# SUPPLIED RECORDS:
»»

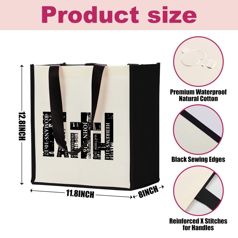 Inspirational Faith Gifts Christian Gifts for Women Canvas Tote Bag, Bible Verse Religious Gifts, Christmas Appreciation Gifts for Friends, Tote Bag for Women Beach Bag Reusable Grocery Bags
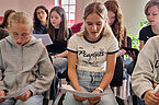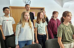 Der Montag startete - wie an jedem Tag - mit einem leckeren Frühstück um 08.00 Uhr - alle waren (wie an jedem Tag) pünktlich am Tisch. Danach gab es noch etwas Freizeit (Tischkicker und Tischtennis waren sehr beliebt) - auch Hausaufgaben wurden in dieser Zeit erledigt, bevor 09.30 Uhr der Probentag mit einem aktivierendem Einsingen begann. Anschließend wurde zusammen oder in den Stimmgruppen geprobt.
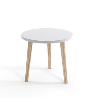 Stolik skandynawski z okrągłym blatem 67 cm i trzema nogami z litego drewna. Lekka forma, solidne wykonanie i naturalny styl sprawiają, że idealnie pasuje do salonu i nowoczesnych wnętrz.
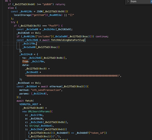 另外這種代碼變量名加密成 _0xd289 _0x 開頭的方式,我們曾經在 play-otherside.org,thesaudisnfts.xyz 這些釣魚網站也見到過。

««
»»

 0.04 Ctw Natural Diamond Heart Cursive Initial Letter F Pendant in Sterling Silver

««
»»

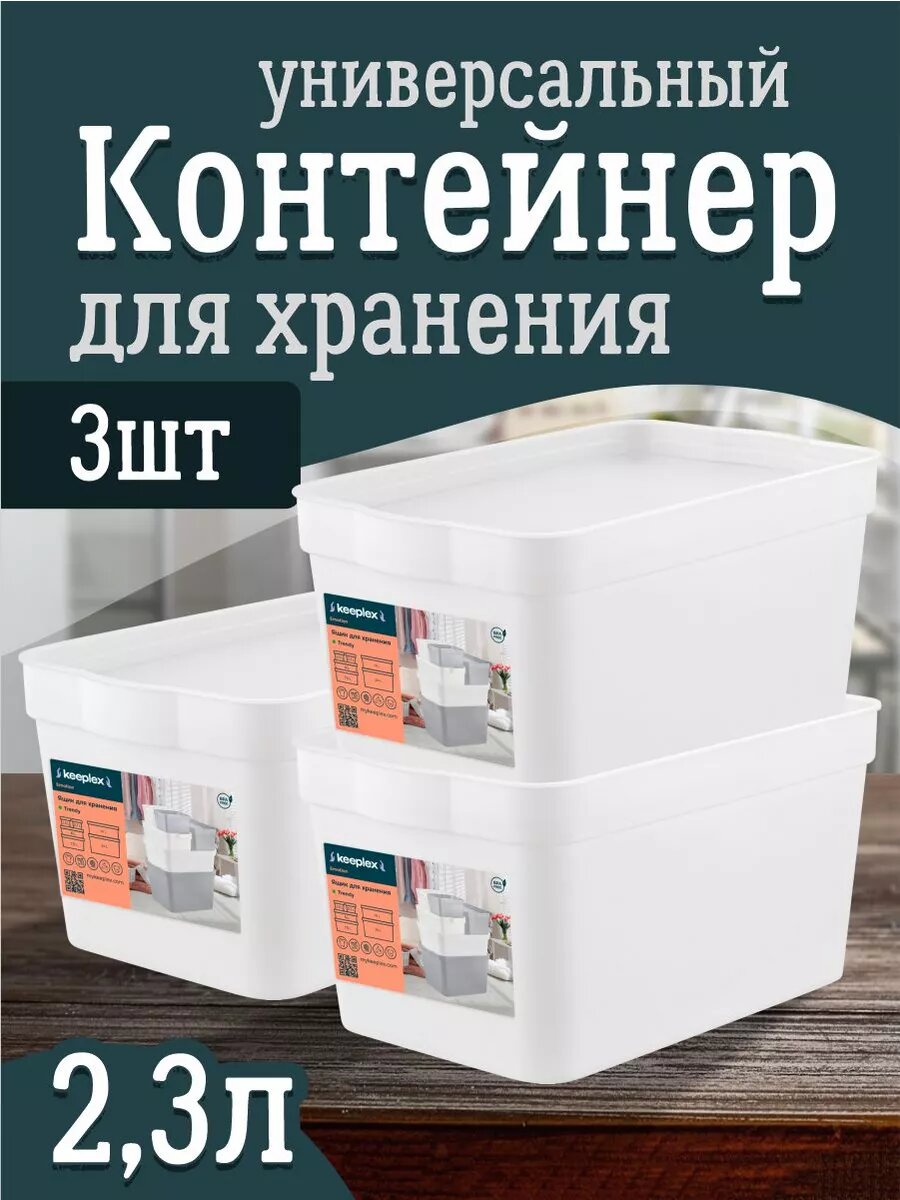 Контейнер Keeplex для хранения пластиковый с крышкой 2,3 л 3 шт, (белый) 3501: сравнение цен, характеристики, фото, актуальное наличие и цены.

««

# WORK TO COMPLETE:
Starting with the line above that holds "Stolik skandynawski z", restate each line word for word up to and including the line that holds "另外這種代碼變量名加密成 _0xd289 _0x". Drop the pictures.

# EXERCISE SOLUTION:
 Stolik skandynawski z okrągłym blatem 67 cm i trzema nogami z litego drewna. Lekka forma, solidne wykonanie i naturalny styl sprawiają, że idealnie pasuje do salonu i nowoczesnych wnętrz.
 另外這種代碼變量名加密成 _0xd289 _0x 開頭的方式,我們曾經在 play-otherside.org,thesaudisnfts.xyz 這些釣魚網站也見到過。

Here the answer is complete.